In a second dissent, Justice Alito, joined by Chief Justice Roberts and Justice Thomas, said the causal link between the law and the closings was unproven. Withdrawal of state funds, a decline in the demand for abortions and doctors’ retirements may have played a role, Justice Alito wrote.

Justice Breyer wrote that the requirement that abortion clinics meet the demanding and elaborate standards for ambulatory surgical centers also did more harm than good.

“Abortions taking place in an abortion facility are safe — indeed, safer than numerous procedures that take place outside hospitals and to which Texas does not apply its surgical-center requirements,” he wrote, reviewing the evidence. “Nationwide, childbirth is 14 times more likely than abortion to result in death, but Texas law allows a midwife to oversee childbirth in the patient’s own home.”

In dissent, Justice Alito said there was good reason to think that the restrictions were meant to protect women. “The law was one of many enacted by states in the wake of the Kermit Gosnell scandal, in which a physician who ran an abortion clinic in Philadelphia was convicted for the first degree murder of three infants who were born alive and for the manslaughter of a patient,” he wrote.

Justice Breyer acknowledged that “Gosnell’s behavior was terribly wrong.”

“But,” he added, “there is no reason to believe that an extra layer of regulation would have affected that behavior.”

The clinics challenging the law said it had already caused about half the state’s 41 abortion clinics to close.
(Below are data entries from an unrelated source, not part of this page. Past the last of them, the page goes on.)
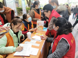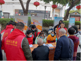 在洋中街道便民活动广场上,数十家公益组织摆设摊位,为社区居民提供不同的服务内容。教师党员们和福建省春雨扶贫济困公益事业发展中心的志愿者们,共设摊位一起开展“黄手环”助老服务。一块小小的黄手环,以“二维码的形式”承载有走失风险的老人基本信息和其看护家人的联系方式,信息系统全国同步。
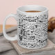 Schwarze Vintage Hand Drawn Valentine's Day Liebe Doodles Kaffee Tasse. Diese niedliche Kaffee-Tasse ist mit verschiedenen Lieben Zitaten, Pfeilen, Herzen und Ikonen gestaltet. Perfektes Geschenk für den Valentinstag, Jahrestage oder Feiern.
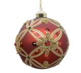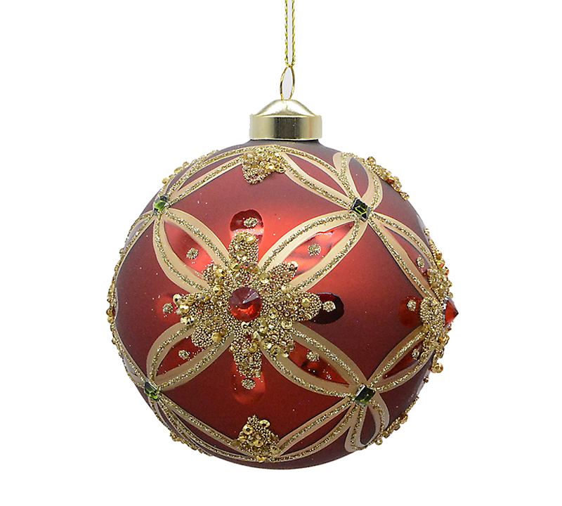 Γυαλ.μπάλλα baroque με πέτρες κοκκινη/χρυσή 8cm

If the contested provisions had taken full effect, they said, the number of clinics would again be cut in half.

The Supreme Court’s decision rippled through the presidential campaign, with Democrats and Republicans looking to rally voters with reminders that the future of the court is at stake.

The next president will have at least one and potentially several vacancies to fill, and Hillary Clinton and Donald J. Trump have both warned that the fate of laws on immigration, guns and abortion will most likely be determined by who gets to fill those openings.
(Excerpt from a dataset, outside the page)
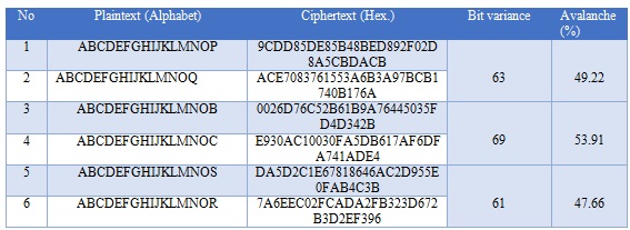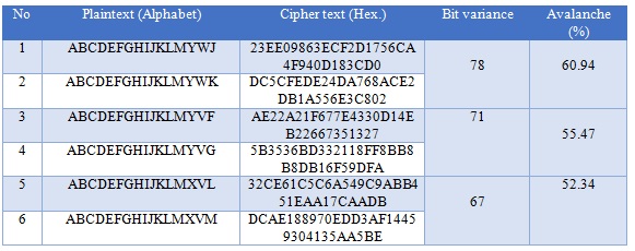 Table 6. Avalanche Effect for Fixed Key 192 Bit

Mrs. Clinton, the presumptive Democratic nominee, seized on the court’s ruling to warn that Mr. Trump, her Republican opponent, poses a threat to women. She recalled his suggestion this year that abortion should be banned and that women who violate that ban should be penalized. She also said that with other states also seeking to restrict access to abortions and with Republicans seeking to defund Planned Parenthood, proponents of abortions rights could not afford to let up.
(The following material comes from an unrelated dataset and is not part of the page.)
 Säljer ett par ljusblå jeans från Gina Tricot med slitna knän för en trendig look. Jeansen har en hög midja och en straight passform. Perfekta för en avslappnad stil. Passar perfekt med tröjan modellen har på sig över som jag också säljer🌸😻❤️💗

“We’ve seen a concerted, persistent attack on women’s health and rights at the federal level,” Mrs. Clinton said in a statement. “Meanwhile, Donald Trump has said women should be punished for having abortions.”

Mr. Trump has since retracted his assertion that women should be punished for having abortions, but the re-emergence of the issue is likely to put him on the defensive because of his previous support of abortion rights.

Mr. Trump made no direct public comments on Monday’s decision.

Still, for many Republicans, the decision added urgency to their desire to keep Mrs. Clinton from winning the presidency.

“Today’s disappointing decision is another reminder of what’s at stake in this election and why we can’t afford to let Hillary Clinton win,” Reince Priebus, the chairman of the Republican National Committee, said.